I know what I find sexy in other people. I tend to like men who are soft around the middle - I love a man with some panza (tummy). A man who can make me laugh is sexy. A man who takes his time to find out who I am is really sexy and a man who is smart and can talk nerdy to me is over the top sexy. Obviously he's going to have some attributes that one would find attractive, but sexiness isn't as easy to spot; it takes some time to find.
Sexiness is a journey - finding someone's sexy core takes time and substance. Media has its own unrealistic definition of sexy and let's face it - most of society doesn't fit the bill. Beyond bodies that impossible to achieve (it isn't like we get airbrushed every morning before leaving the house), there is nothing sexy about pre-packaged ideas that aren't our own. While models are hot, chances are most of us will never hold them in our arms or wake up next to them the next morning. There is nothing warm about pages in magazine or a flat TV screen. While someone's hot factor is easy to spot, I personally have more fun discovering what is sexy about someone.
There is a huge difference between people who are hot and people who are sexy. While I think that Ryan Gosling is hot (and Feminist Ryan Gosling is even hotter), I don't typically go for the muscular, oiled up, brooding and mysterious type. Hotness is a sort of universal trait; there are people that most of us can agree are "hot" whereas someone can be completely ugly and still be ridiculously sexy - take Diego Rivera, for instance. He was the husband of Frida Kahlo, world renowned Mexican muralist/artist and womanizer extraordinaire. He also looked like a large frog but plenty of women found him to be sexy. Sexiness is definitely in eye of the beholder.
I once went on a date with a man who asked me to wear something sexy (when I asked him to do the same, he laughed). I panicked and rummaged through my closet for a good two hours, looking for something that would fit his definition of "sexy" - even if I didn't know what his definition was. I don't often feel sexy when I get dressed. As I wrote many months ago, I have always had issues with my body and my self image. Those are demons I've had to fight for a long time and while I would like to think I've won the battle, I still have my days when the demons win. I like to look nice when I go out, but that doesn't necessarily mean I feel sexy. As I sat down to write this blog (several times over the last few weeks), I kept trying to remember times that clothing made me feel sexy and I finally came to the realization that clothing doesn't always make me feel sexy.
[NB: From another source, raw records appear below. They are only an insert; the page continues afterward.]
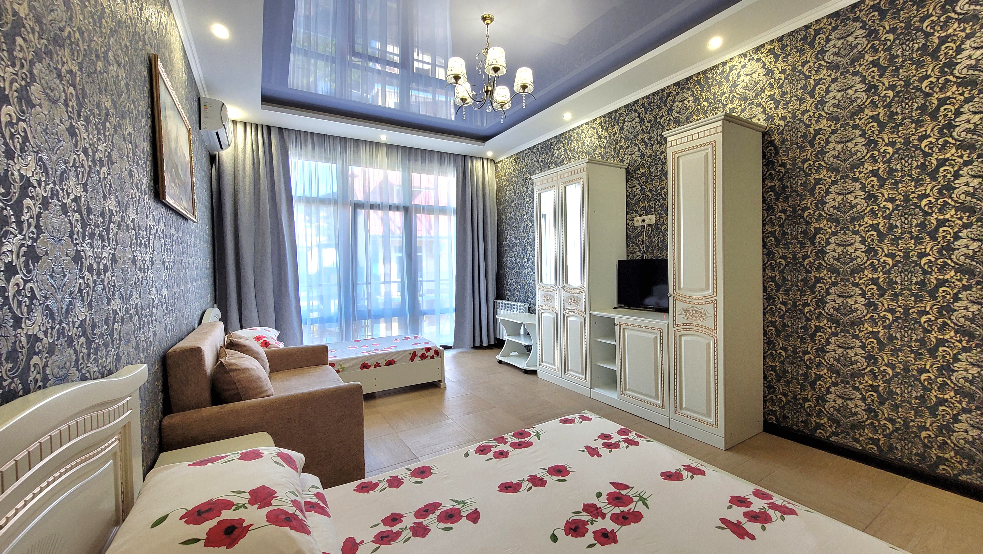В номере: вешалка, диван, зеркало, кровать двуспальная, кровать односпальная, прикроватные тумбочки, стол, тумба, шкаф, мини-холодильник, сплит-система, телевизор ЖК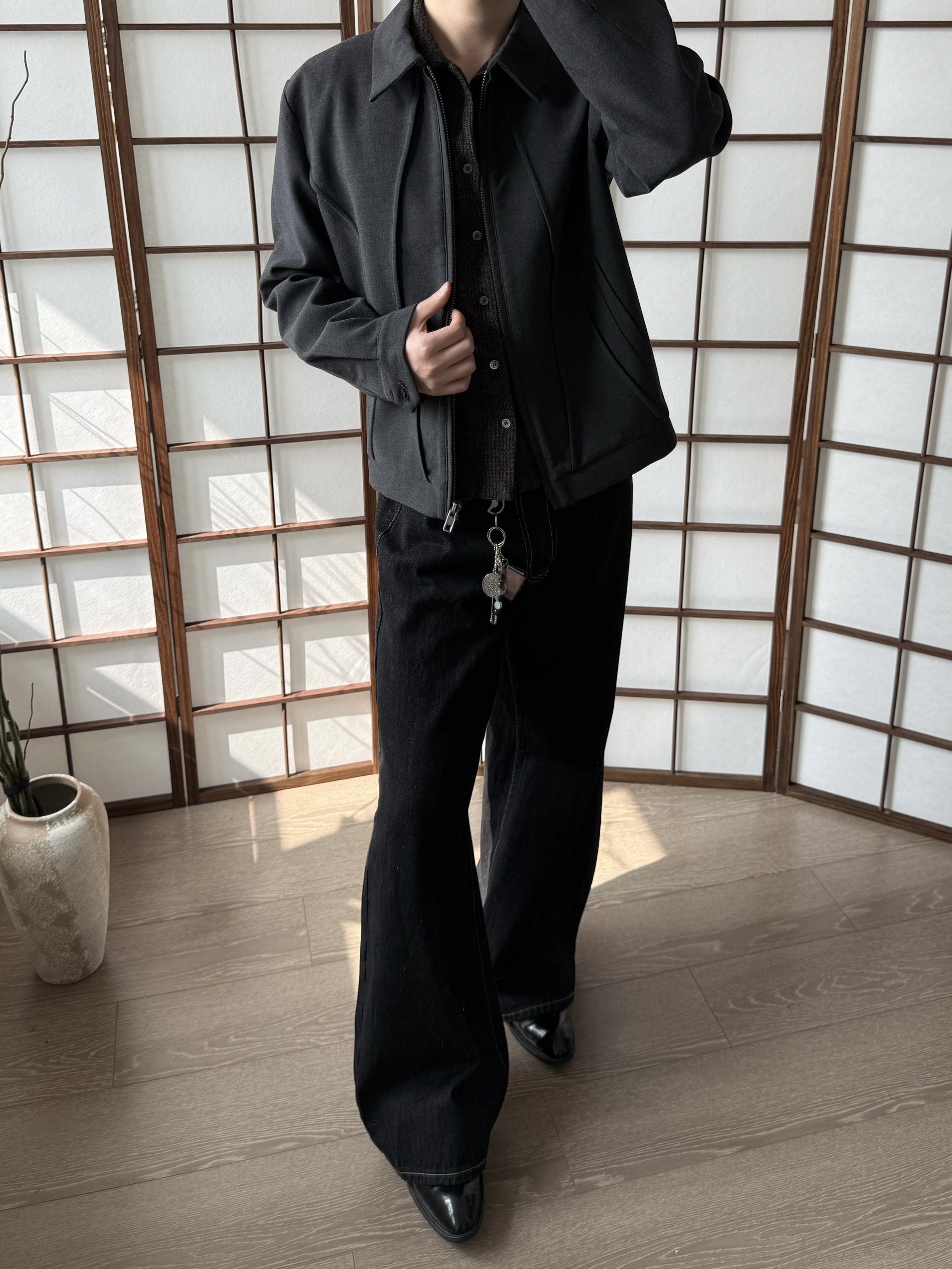 身高|体重:175/135 🧍♂️ 穿搭风格:简单 👔 上衣:解构夹克 👖 下装:tornareinauge a 字原牛 👟 鞋子:漆皮鞋
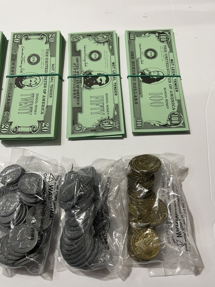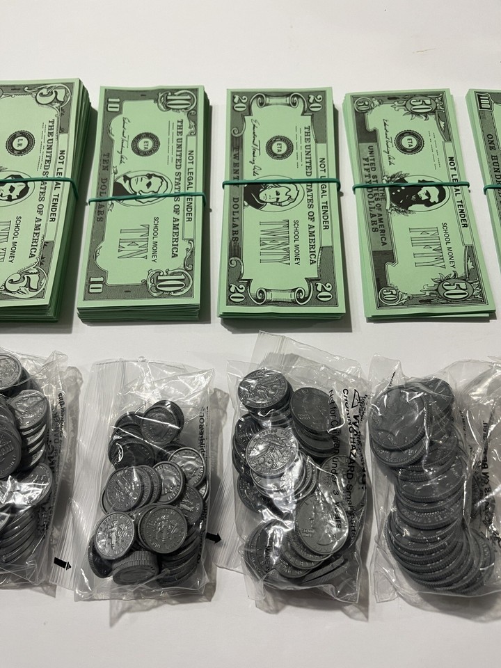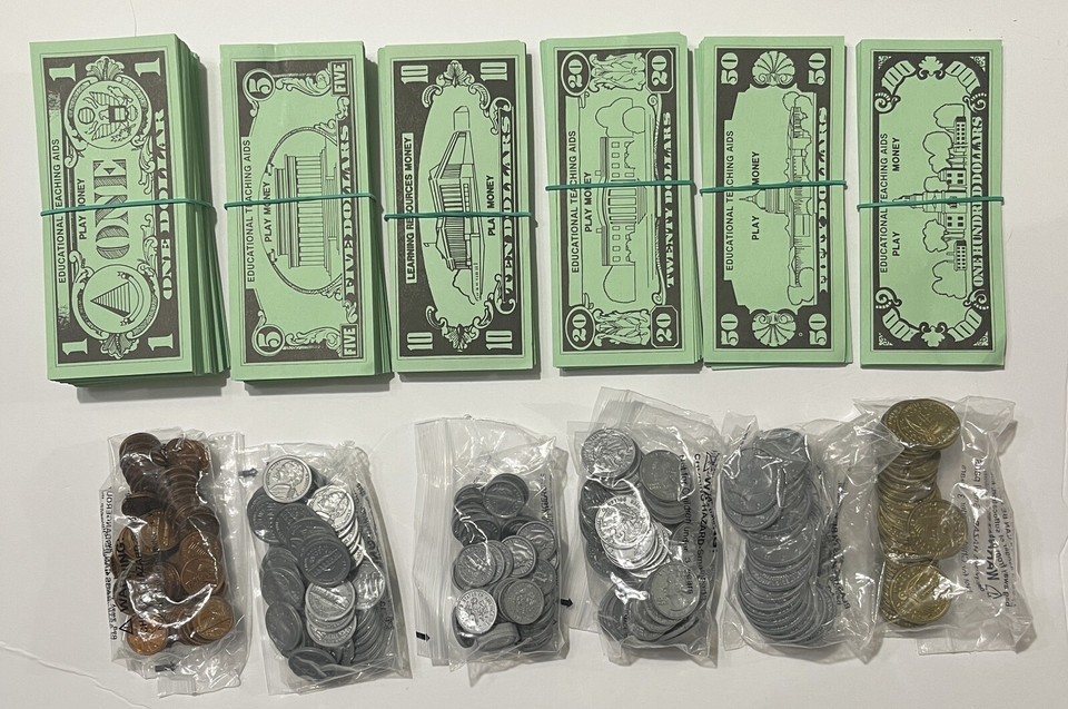 HUGE Lot Educational Teaching Aids 1, 5, 10, 20, 50, 100 Dollar Bills & Coins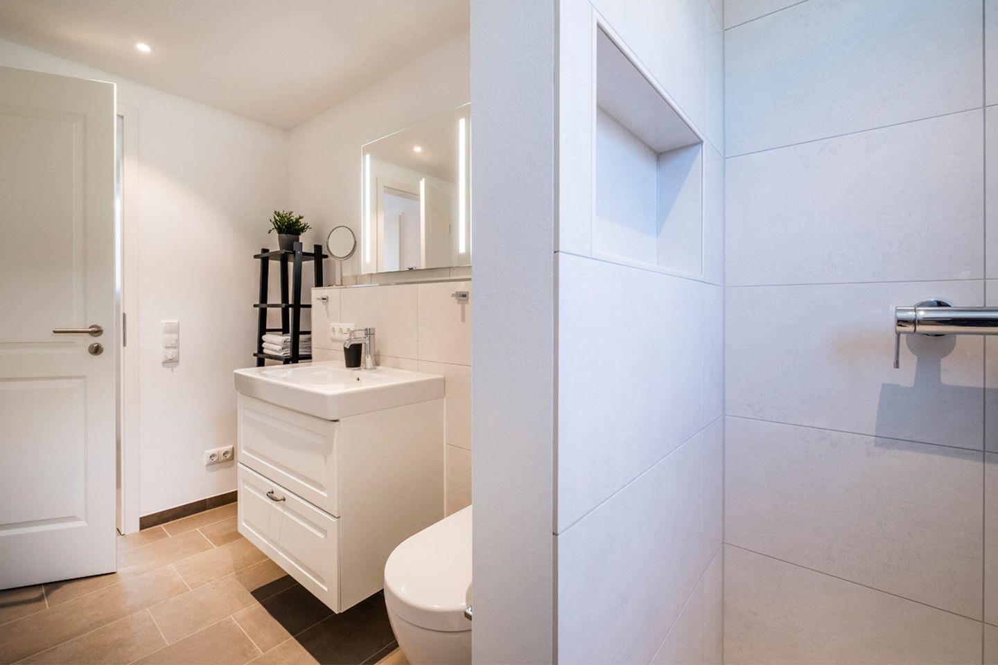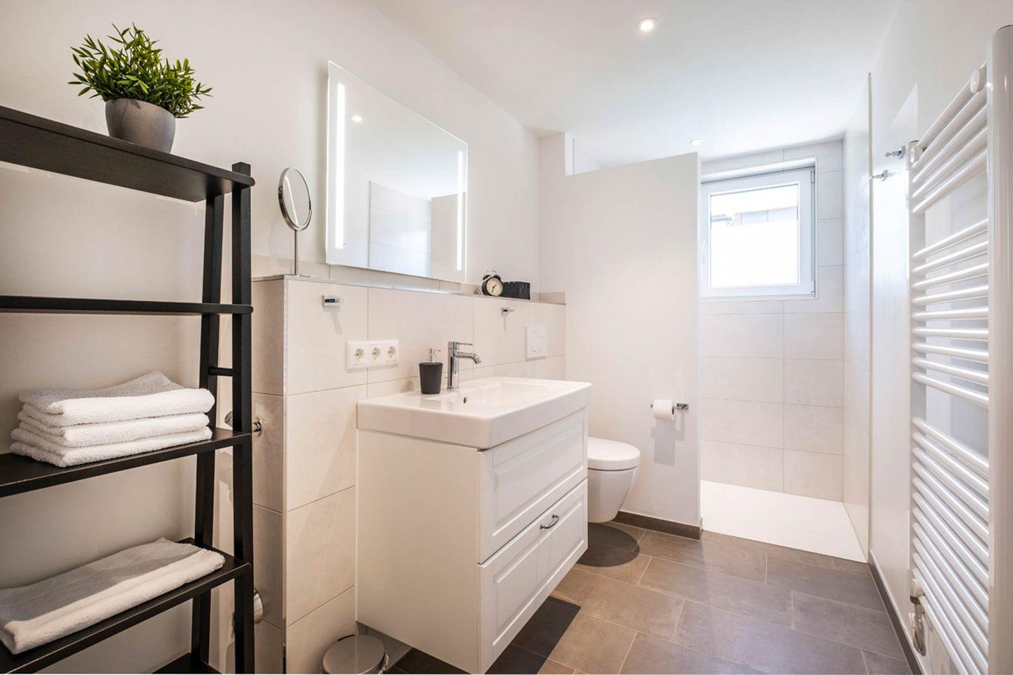 Badezimmer: Dusche, Handtuchheizung, Haar-Föhn, Kosmetikspiegel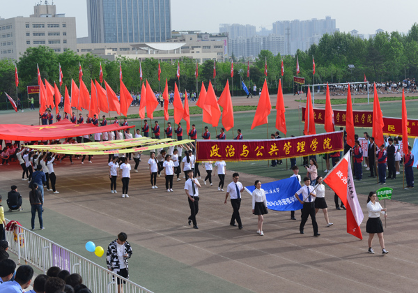 8时整,伴随着激昂的旋律,国旗护卫队、裁判员方阵和各学院师生方阵依次入场。师生们身着鲜艳的运动装,构成了一道道亮丽的风景线,各具特色的风采展示,赢得了全场阵阵喝彩,全面展现了我校师生蓬勃向上的精神面貌。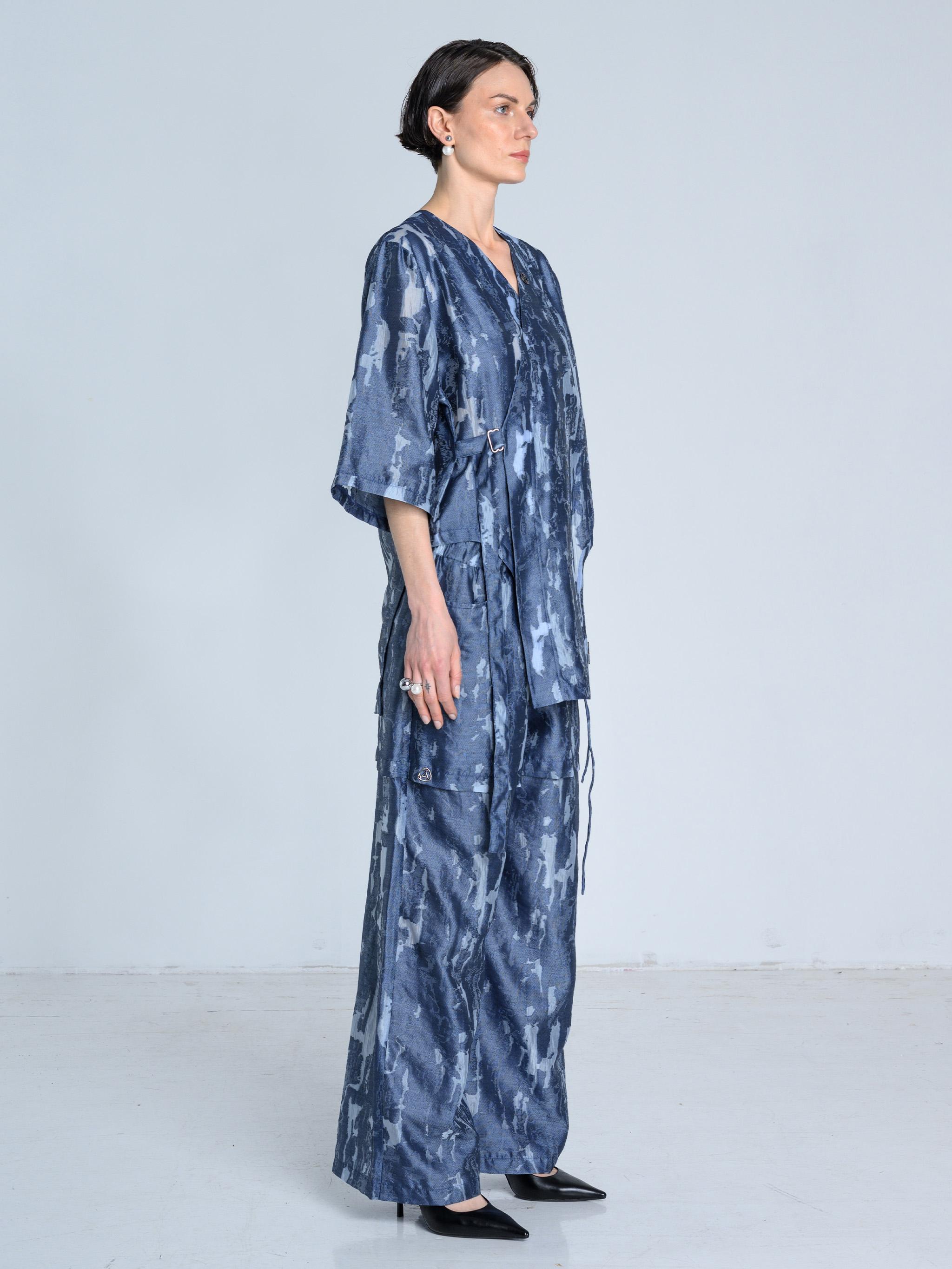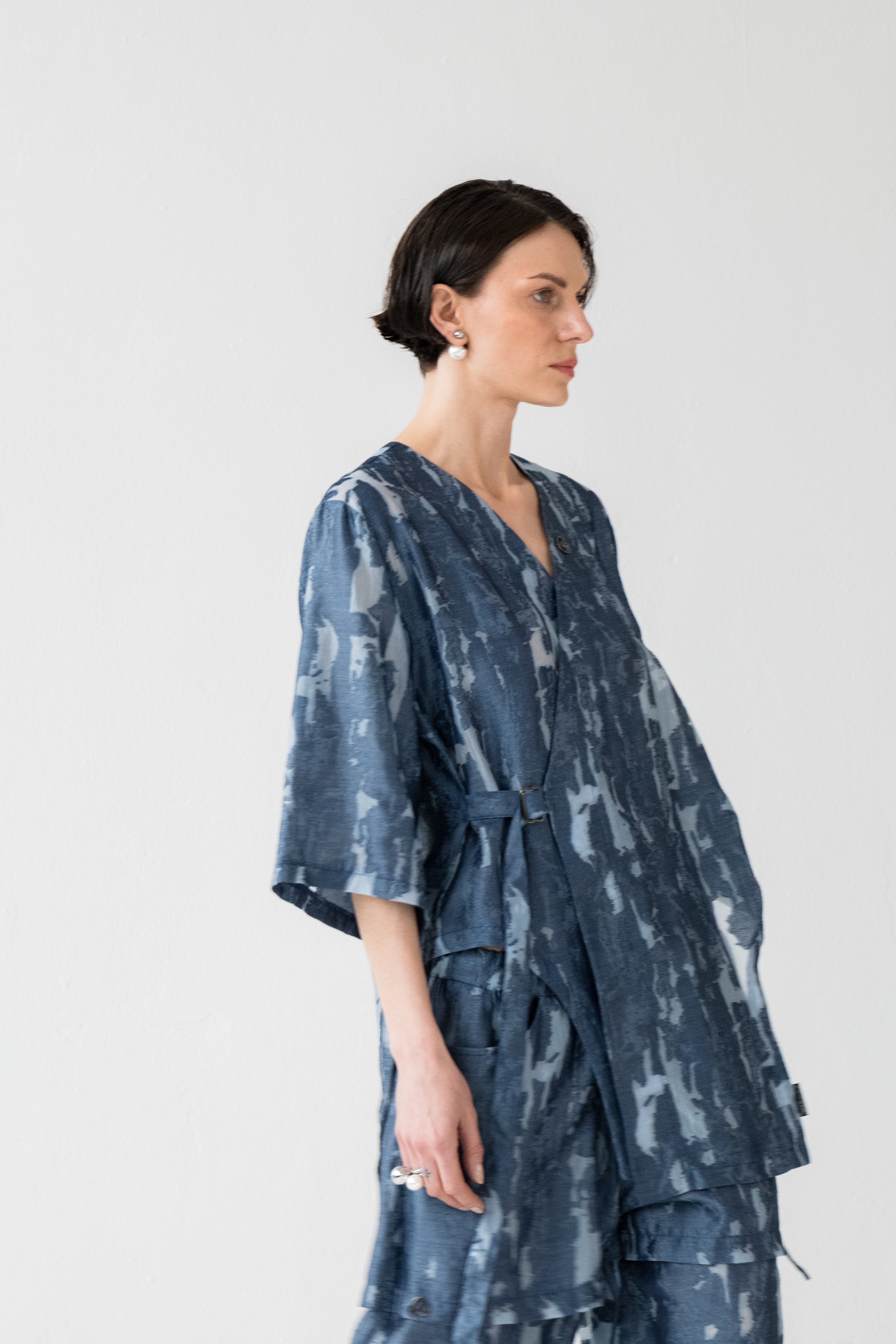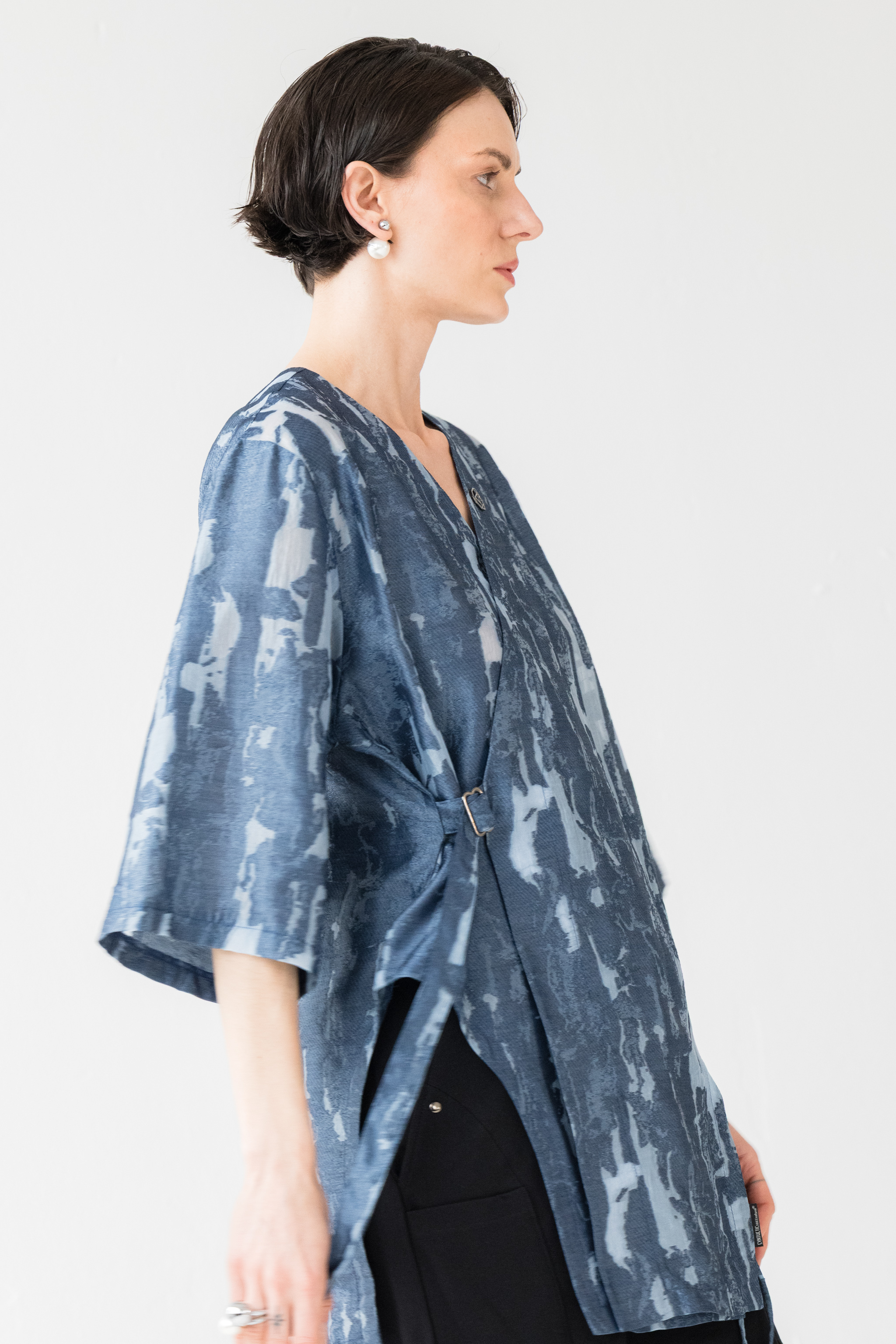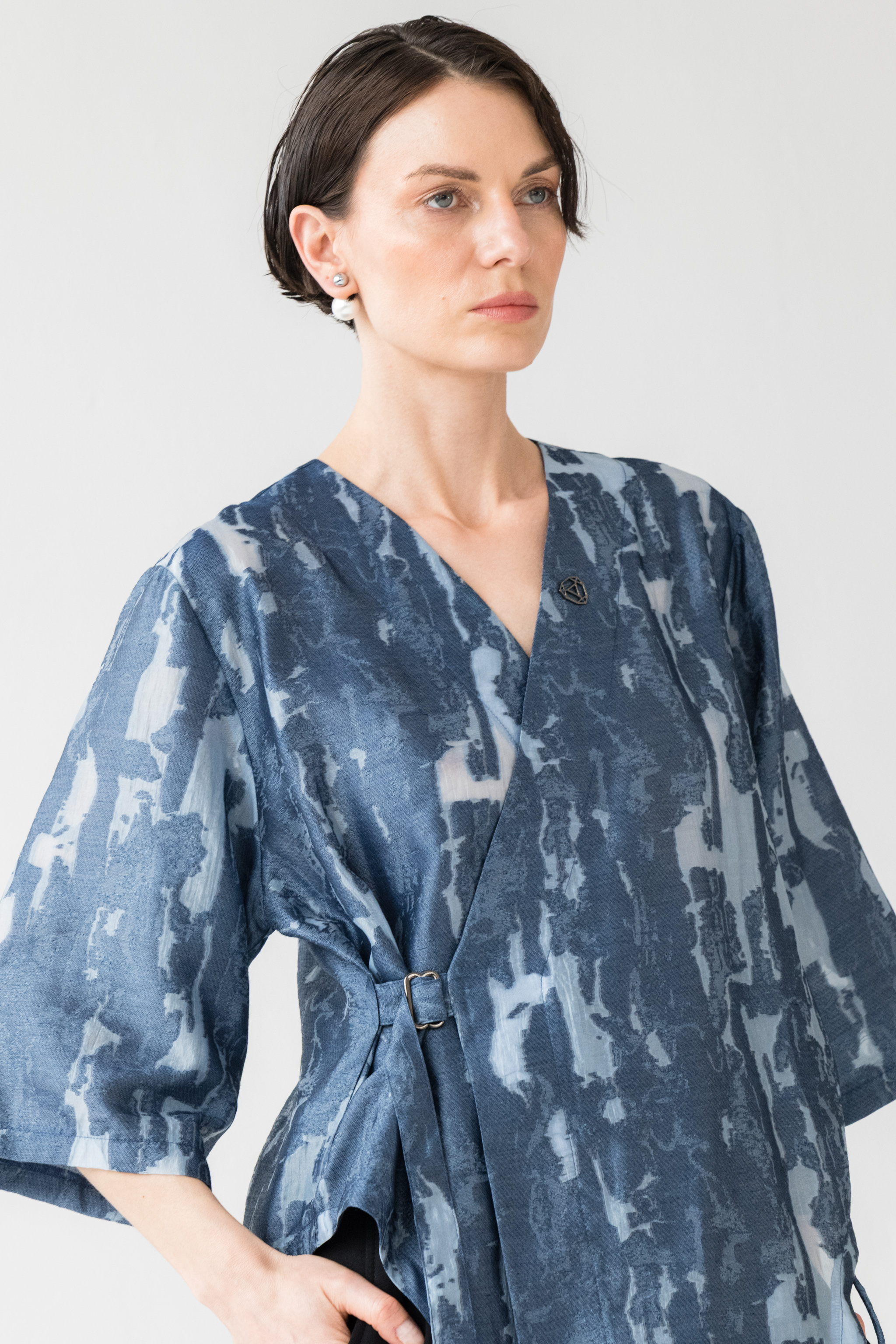 - Koszula wiązana kopertowo od środka oraz na zewnątrz za pomocą paska i metalowej klamry w kolorze ciemnego grafitu

Being on stage and performing poetry makes me feel sexy; making a man that I'm interested in laugh makes me feel sexy; leaving a man weak in the knees and rendered speechless after we kiss goodnight makes me feel really sexy.
I feel sexy when I wear my black Catwoman boots a lace purple mini dress, but I feel just as sexy in my Converse Chuck Taylor sneakers and a hooded sweatshirt. I love wearing jeans and t-shirts with clever sayings, but I also love a lace top or a sun dress. My choices in clothing aren't sexy by a mainstream definition but rather, sexy by my standards. When I look in the mirror, the only person looking back at me is me, and shouldn't I be the person who determines what makes me sexy?
I don't wear four-inch platform heels because they hurt my feet and there is nothing sexy about a broken ankle. My dear friend, C., practically runs in them and she is someone who exudes sexiness, but make no mistake, it's her confidence, not her platform heels that makes her sexy. I know a guy who has impeccable taste in music and he is insightful and genuine - his sexiness is limitless. One of my favorite musicians is Prince, and while I could probably carry him around in my back pocket, he is one of the sexiest men alive.
|Chucks, fresh out the box|
Unfortunately, I have often encountered men who buy into media's notion and as a result, feel there is a certain type of woman they should date - and she is definitely not me. It has taken a long time for me to understand that being rejected has nothing to do with me; if a man wants a "sexy" woman on his arm, he hasn't taken the time to find out what is sexy about me - and if all he is after is a hot woman that his friends will reward him for, he isn't the man for me. The unfortunate thing is that rejection hurts, regardless of the reasoning behind it. There is nothing like rejection to kill my sexy groove. Nothing.
The nice thing about getting over rejection is re-discovering my sexiness. I have a good friend who, for as long as I have known her, has attracted attention everywhere she goes, but until she felt and owned her sexiness, she didn't see it. It's a wonderful moment when we find what is sexy about ourselves and then we celebrate it.
My challenge to you, dear reader, is to define your sexiness. What is your sexy groove? When are you at your sexiest? Share with us (in the comment section below) or keep it to yourself. The nice thing about sexiness is that it's yours, to do with it as you wish.